Quel que soit le sujet abordé, les textes complotistes font référence à un plus grand nombre de thèmes et sont moins cohérents que les écrits non complotistes. C’est le résultat de la plus grande comparaison jamais réalisée entre des textes soutenant ces théories et des écrits non complotistes, soit 96'000 articles analysés au total. Signée par des chercheurs des universités de Neuchâtel et de Warwick (UK), cette étude vient d’être publiée dans la revue de référence Science Advances.
Premier auteur de la recherche, Alessandro Miani est doctorant à l’Institut de psychologie du travail et des organisations (IPTO) de l’Université de Neuchâtel. «L’étude visait à comparer le langage utilisé dans le traitement d’événements sujets à controverse (pandémie de COVID-19, 11 septembre, assassinat de JFK, etc.).
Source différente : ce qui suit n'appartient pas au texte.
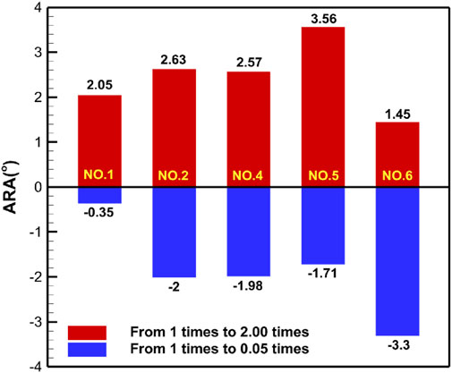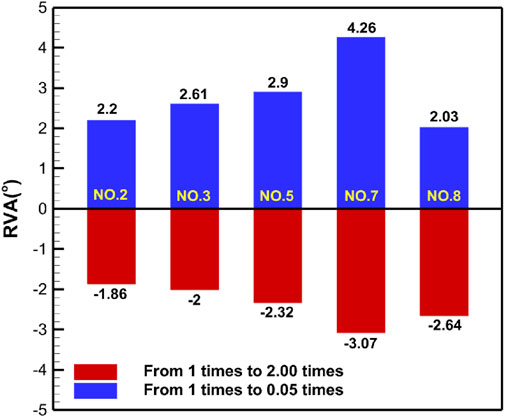 Bar chart showing relative values labeled NO.2, NO.3, NO.5, NO.7, and NO.8 on the x-axis, with positive blue and negative red segments. The y-axis is labeled RVA (degrees), ranging from -5 to 5. Values for each set are presented, with blue sections ranging from 2.03 to 4.26 and red sections ranging from -1.86 to -3.07. The legend indicates blue represents values from 1 to 0.05 times and red from 1 to 2 times.

Nous avons créé et analysé un corpus composé de 72’000 articles reflétant une vision communément admise et de près de 24'000 articles identifiés comme complotistes, soit un total d’environ 96'000 textes», indique le chercheur.
Sous la direction d’Adrian Bangerter, professeur à l’IPTO, et du professeur Thomas Hills de l'Université de Warwick, Alessandro Miani a mis en évidence que les textes complotistes s’appuyaient sur d'autres théories du complot pour « prouver » leurs dires, au travers d’un réseau d'idées interconnectées pour relier les arguments entre eux, mais en sautant d'un sujet à l'autre, de manière moins cohérente que dans un récit usuel.
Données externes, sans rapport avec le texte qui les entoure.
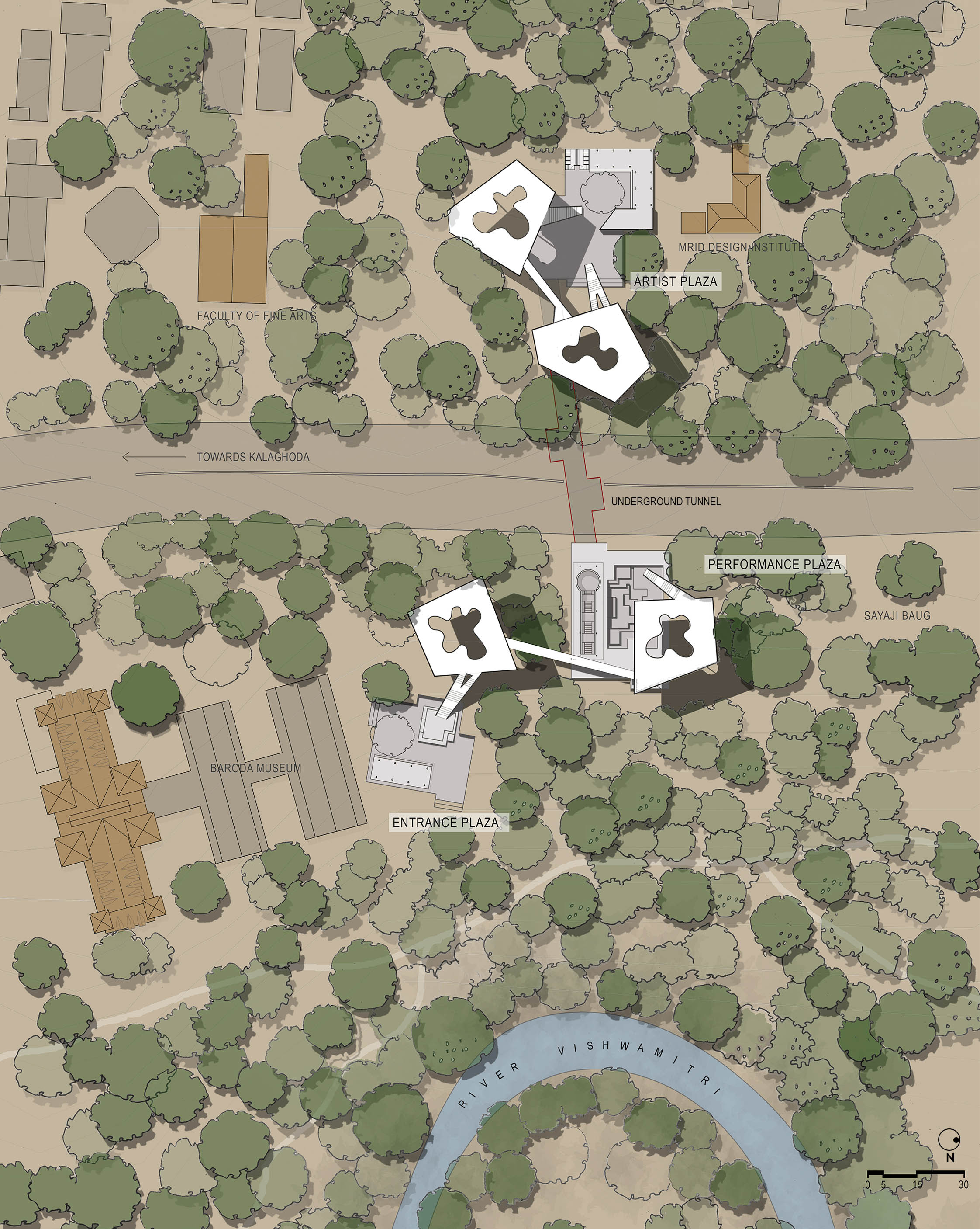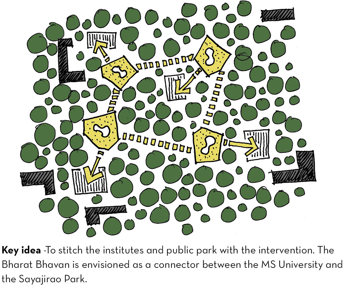 The idea is to imagine a new kind of institutional setting. Gone are the days when the government will allocate a parcel of land for a stand alone cultural institution. We will have to locate and link them with existing socio-cultural objects. The new Bharat Bhavan will hover over and around an existing garden, a museum and a fine arts college in the process bridging these institutions as well. Sometimes you need an anonymous stranger (an alien) to bring people together!

À titre d'exemple, les théories du complot entourant la pandémie de COVID-19 sont souvent associées à d'autres théories du complot, notamment celles relatives à la technologie 5G, à Bill Gates et aux entreprises pharmaceutiques. «Cela conforte l'idée d'une "vision du monde conspirationniste", à savoir que ceux qui sont enclins à croire à une conspiration particulière sont susceptibles de croire à beaucoup d'autres et à les utiliser comme preuves pour étayer leurs arguments», indiquent les chercheurs.
La présente recherche est en accord avec d’autres travaux mettant en évidence les contradictions du complotisme. Prônant un débat ouvert sur des sujets à controverse, comme le fait que la mort de la princesse Diana a été soit simulée, soit provoquée par des gens de son entourage, les complotistes ont tendance à accepter des arguments contradictoires, tant qu’ils s’opposent à des récits traditionnels, à savoir que cette mort résulte simplement d’un accident tragique.
«Nos travaux associent les sciences informatiques à la recherche psychologique pour faire avancer la recherche sur la désinformation. Alors que, traditionnellement, la détection des fausses nouvelles et des théories du complot repose sur la vérification des faits par des humains, nos travaux contribuent au développement d'algorithmes automatiques de détection des fausses informations», indique l'équipe de Neuchâtel et de Warwick.
«La compréhension du fonctionnement psychologique sous-jacent des complotistes, de la manière dont les théories du complot se forment et se propagent, permet de développer des interventions ciblées, afin de limiter leur propagation. Notre travail s'inscrit dans un effort collectif visant à limiter les conséquences négatives de la désinformation, qui vont de la résistance à la vaccination à l'érosion des normes démocratiques», concluent les chercheurs.